** Assignment **
Since the copy must hold text only, transcribe the data below exactly and omit the images.

——

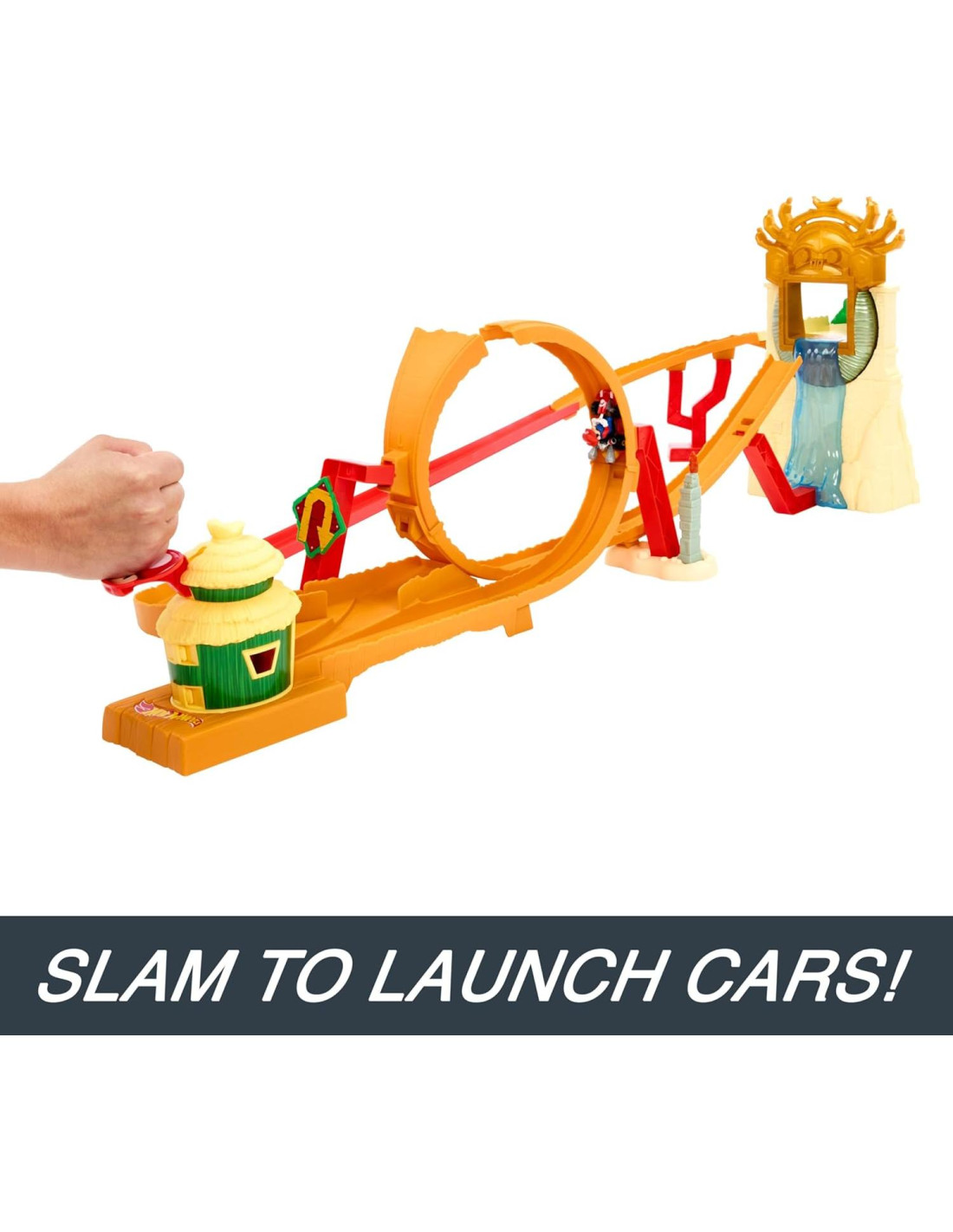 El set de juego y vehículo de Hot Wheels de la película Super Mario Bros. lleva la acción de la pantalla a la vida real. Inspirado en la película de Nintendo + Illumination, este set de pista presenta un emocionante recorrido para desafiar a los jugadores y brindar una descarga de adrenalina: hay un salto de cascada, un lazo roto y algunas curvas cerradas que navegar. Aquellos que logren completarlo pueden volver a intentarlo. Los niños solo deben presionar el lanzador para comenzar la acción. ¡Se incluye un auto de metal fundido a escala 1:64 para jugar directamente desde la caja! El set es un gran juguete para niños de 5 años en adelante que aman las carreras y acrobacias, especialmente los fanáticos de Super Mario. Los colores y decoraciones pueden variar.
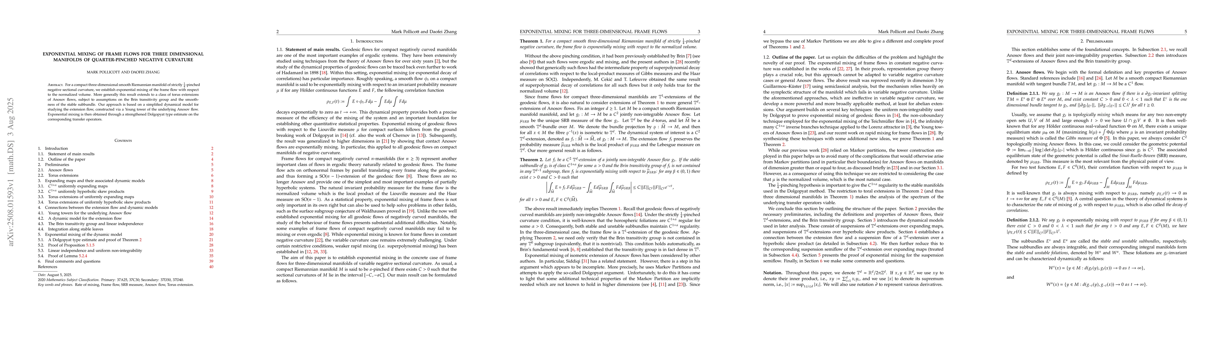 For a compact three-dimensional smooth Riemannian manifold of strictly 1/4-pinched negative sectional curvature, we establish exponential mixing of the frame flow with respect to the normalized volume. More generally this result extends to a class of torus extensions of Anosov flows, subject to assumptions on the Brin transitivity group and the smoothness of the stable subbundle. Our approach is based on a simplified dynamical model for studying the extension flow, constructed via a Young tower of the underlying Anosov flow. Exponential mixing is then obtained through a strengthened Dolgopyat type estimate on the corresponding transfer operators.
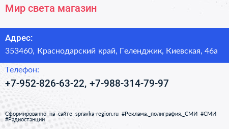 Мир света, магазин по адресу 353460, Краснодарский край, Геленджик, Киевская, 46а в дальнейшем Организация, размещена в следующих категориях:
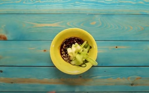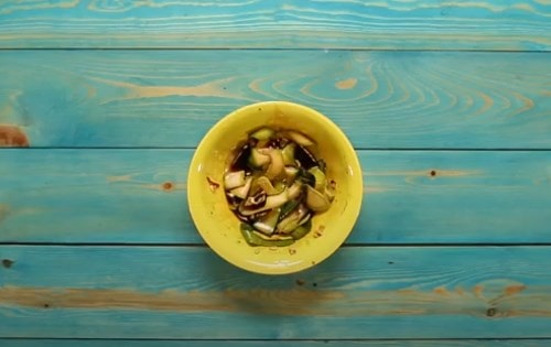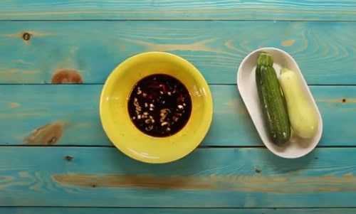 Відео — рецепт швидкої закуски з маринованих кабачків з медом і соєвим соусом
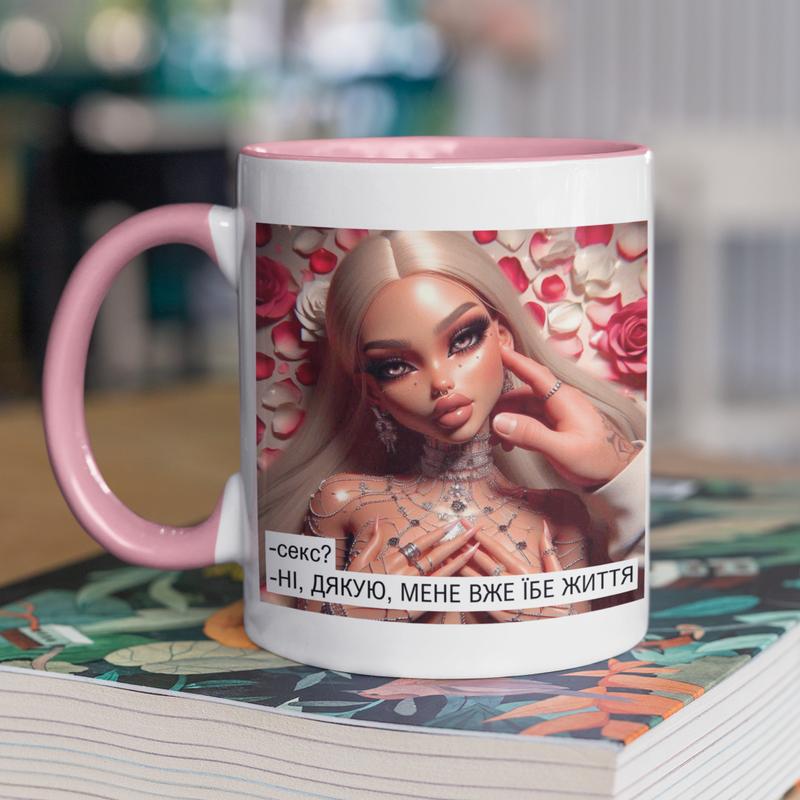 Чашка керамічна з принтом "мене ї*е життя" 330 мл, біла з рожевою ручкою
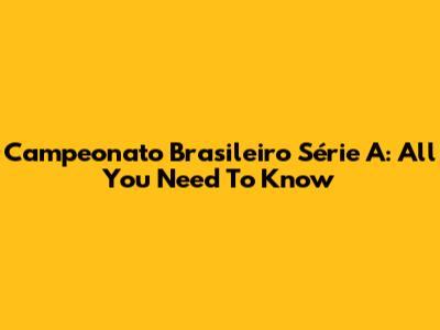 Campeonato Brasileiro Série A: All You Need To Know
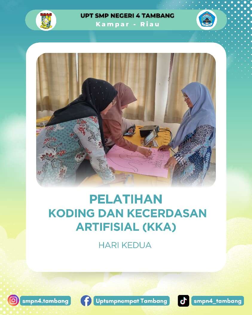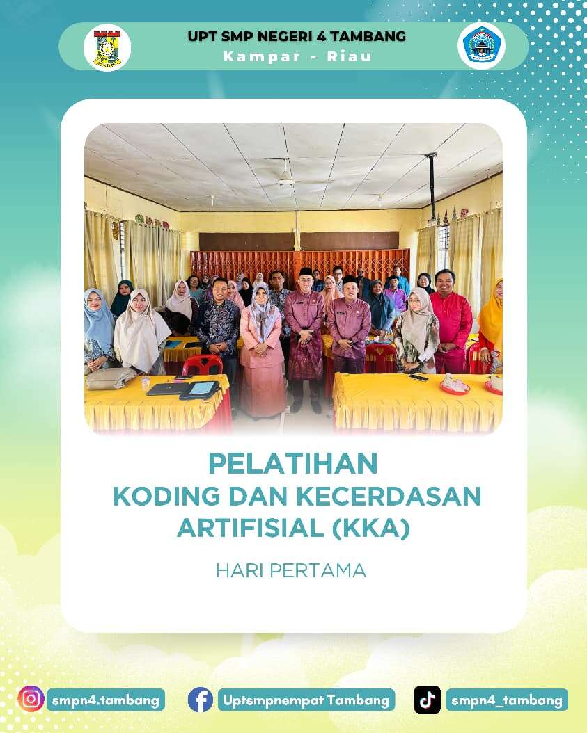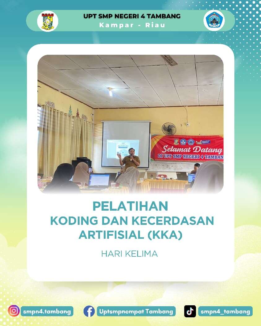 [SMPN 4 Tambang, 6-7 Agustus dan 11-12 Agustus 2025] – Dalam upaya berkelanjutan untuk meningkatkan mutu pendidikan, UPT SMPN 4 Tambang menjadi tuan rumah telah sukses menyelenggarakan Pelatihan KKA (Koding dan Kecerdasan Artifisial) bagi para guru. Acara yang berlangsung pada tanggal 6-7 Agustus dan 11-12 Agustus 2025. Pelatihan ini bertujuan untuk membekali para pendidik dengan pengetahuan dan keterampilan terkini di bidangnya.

——

** Your solution **
 El set de juego y vehículo de Hot Wheels de la película Super Mario Bros. lleva la acción de la pantalla a la vida real. Inspirado en la película de Nintendo + Illumination, este set de pista presenta un emocionante recorrido para desafiar a los jugadores y brindar una descarga de adrenalina: hay un salto de cascada, un lazo roto y algunas curvas cerradas que navegar. Aquellos que logren completarlo pueden volver a intentarlo. Los niños solo deben presionar el lanzador para comenzar la acción. ¡Se incluye un auto de metal fundido a escala 1:64 para jugar directamente desde la caja! El set es un gran juguete para niños de 5 años en adelante que aman las carreras y acrobacias, especialmente los fanáticos de Super Mario. Los colores y decoraciones pueden variar.
 For a compact three-dimensional smooth Riemannian manifold of strictly 1/4-pinched negative sectional curvature, we establish exponential mixing of the frame flow with respect to the normalized volume. More generally this result extends to a class of torus extensions of Anosov flows, subject to assumptions on the Brin transitivity group and the smoothness of the stable subbundle. Our approach is based on a simplified dynamical model for studying the extension flow, constructed via a Young tower of the underlying Anosov flow. Exponential mixing is then obtained through a strengthened Dolgopyat type estimate on the corresponding transfer operators.
 Мир света, магазин по адресу 353460, Краснодарский край, Геленджик, Киевская, 46а в дальнейшем Организация, размещена в следующих категориях:
 Відео — рецепт швидкої закуски з маринованих кабачків з медом і соєвим соусом
 Чашка керамічна з принтом "мене ї*е життя" 330 мл, біла з рожевою ручкою
 Campeonato Brasileiro Série A: All You Need To Know
 [SMPN 4 Tambang, 6-7 Agustus dan 11-12 Agustus 2025] – Dalam upaya berkelanjutan untuk meningkatkan mutu pendidikan, UPT SMPN 4 Tambang menjadi tuan rumah telah sukses menyelenggarakan Pelatihan KKA (Koding dan Kecerdasan Artifisial) bagi para guru. Acara yang berlangsung pada tanggal 6-7 Agustus dan 11-12 Agustus 2025. Pelatihan ini bertujuan untuk membekali para pendidik dengan pengetahuan dan keterampilan terkini di bidangnya.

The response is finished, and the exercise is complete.